Sebbene alcuni neghino che si possa dominare del tutto un soggetto e costringerlo ad agire contro i suoi stessi princìpi, è indubbio che le tecniche per condizionare per lo meno la percezione ed interpretazione della realtà sono oggi, grazie anche al contributo della programmazione neurolinguistica, molto avanzate. E’ noto che la pubblicità, ricorrendo a stratagemmi retorici e ad artifici sensoriali, riesce a pilotare la condotta di molti consumatori.

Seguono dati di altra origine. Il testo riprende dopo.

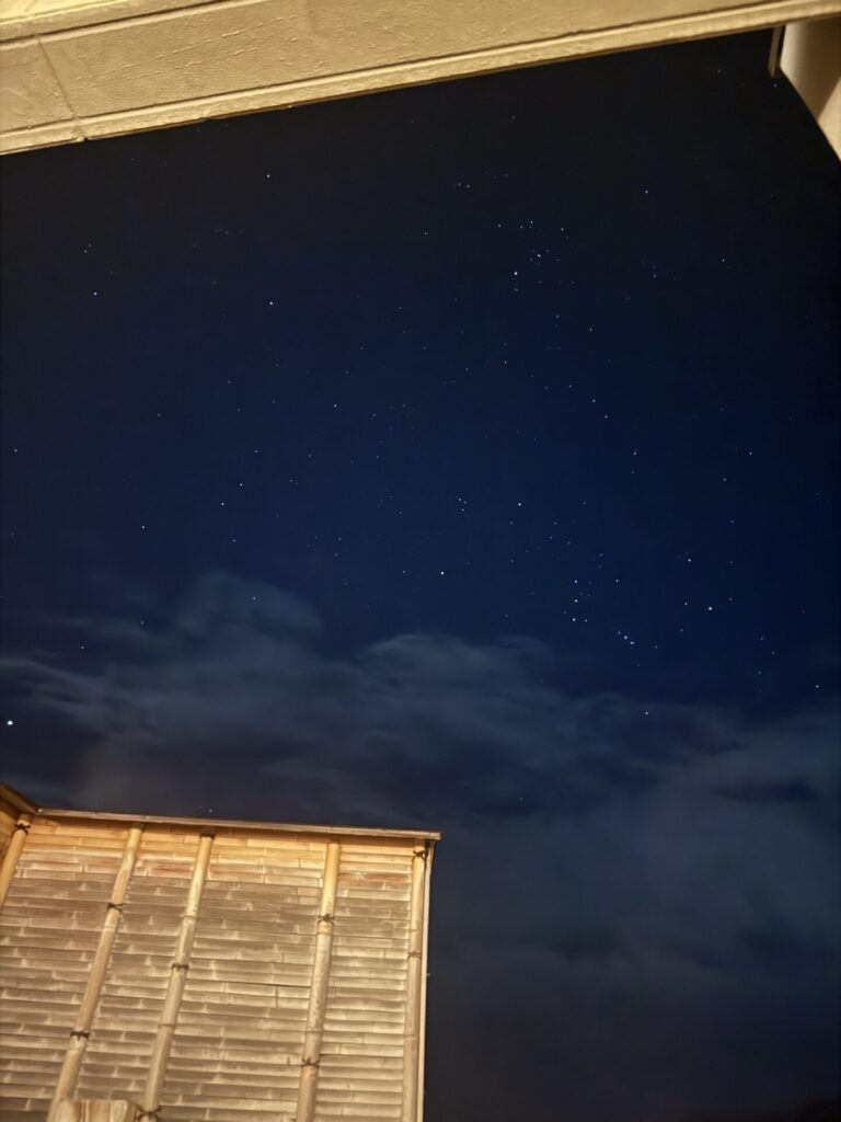 明日が新月なので お月様の姿は見えませんが 薄雲と湯けむりの向こうに 美しい星空が広がります。 是非写真を拡大してみてくださいませ。 寒くなってきたから 露天風呂はいいや なんて、そんなのもったいなさ過ぎる。 思い出に残る星空、 目に焼きつけてくださいませね。 ちなみに眩しい朝日も最高です。
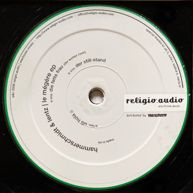 NeutonがディストリビュートしていたドイツのレーベルReligio.Audioから、レーベル主宰Hammerschmidt & Lentzがリリースした1枚。 2008年リリース作品。 盤質 B 細かいスレが多く見られますが、針飛びはしません。 ジャケットの一部(表面/左辺・裏面/センター右側)に小さい破れが見られます。(写真3,4枚目参照) Tracklist A) Die Fette Frau (Der Weiber Rave!) B1) Der Still-Stand B2) Ulli Hola (!) https://www.cpvinyl.com/search?q=Religio+Audio 10851

Le tecnologie attuali mettono a disposizione dei persuasori occulti una vasta gamma di strumenti per manipolare l’inconscio, scavalcando il sistema di difesa, talora fragile, costituito dalla coscienza. L’inconscio è, per così dire, espugnato, eludendo la “recinzione” dell’Io. In questo modo si spiega per quale ragione individui, che nulla sanno di aviazione, di motori, di fisica dell’atmosfera, possono identificare nelle scie tossiche delle innocue scie di condensazione o dei non meglio definiti gas di scarico. E’ come se nella loro sfera inconscia fossero state introdotte l’idea e la dicitura “scia di condensazione”, attraverso un martellamento sia palese sia subliminale, a base di spot, loghi, fotogrammi istantanei, articoli di disinformazione, manifesti, libri di testo, corsi, wallpapers. I fruitori di ogni generazione vengono abituati a riconoscere una realtà abnorme di cieli sfregiati come perfettamente normali: si impongono dei modelli percettivi che sostituiscono la memoria storica. Come imbambolate, certe persone sembrano snocciolare delle frasi fatte sulle chemtrails, scambiate per “fumo degli aerei”. Anche le direzioni improbabili e le quote basse diventano normali rotte civili ad altitudini elevate nel loro campionario falso ed inverosimile. La ripetizione della menzogna è strategia efficace e ad essa si associano metodi più subdoli e surrettizi, per lo più tecnologici. Ci riferiamo ai microimpianti che vengono inseriti in detenuti, pazienti, ospiti di strutture psichiatriche…: sono dispositivi che alterano gli stati biofisici e che possono persino interferire con l’attività onirica, in generale sui processi subconsci ed inconsci.

In altre occasioni ci siamo soffermati sul “silent sound” che, però, è solo uno delle tante diavolerie utili alla bisogna. Riferisce Anne Givaudan: “Nei documenti della C.I.A., una nota resa pubblica al comitato del Congresso ci mette al corrente della sperimentazione di microonde sugli esseri umani. Fra le armi ad energia diretta correntemente impiegate dalla C.I.A. ricordiamo Voice Synthesis. Essa consente l’invio a distanza di un fascio audio nel cervello di individui prescelti. Viene anche chiamata ‘telepatia sintetica’ oppure ‘comunicazione telepatica elettronica’, nel lessico della N.A.S.A. Queste armi sono fabbricate dalla Lockheed Sanders e dai notissimi Los Alamos National Laboratories. […] Un altro apparecchio a microonde può trasmettere segnali udibili solo da un soggetto selezionato ad hoc. Questo dispositivo può essere costruito con un banale fucile radar ed il fascio di microonde può venire modulato su frequenze audio e trasmettere voci direttamente all’encefalo. Il dottor J.C. Sharp si prestò ad alcuni test nel 1973 all’Istituto di ricerche militari Walter Reed: all’interno di una camera anecoica (isolata acusticamente, n.d.r.), riuscì a comprendere parole trasmesse per mezzo di un audiogramma a base di microonde dirette al cervello. Robert Becker, autore del saggio ‘The body electric’ e candidato al Premio Nobel dichiara: ‘Strumenti di questo genere ovviamente possono essere usati per far impazzire il bersaglio e per veicolare informazioni ad un assassino programmato per essere tale. Sono informazioni di cui non si troverà mai la fonte’. La C.I.A. studia con attenzione gli effetti dei campi elettromagnetici concentrati ad una frequenza elevatissima per provocare inquietudine, eccitazione, depressione. Indaga pure le conseguenze delle microonde per rafforzare l’azione di droghe, batteri, veleni”.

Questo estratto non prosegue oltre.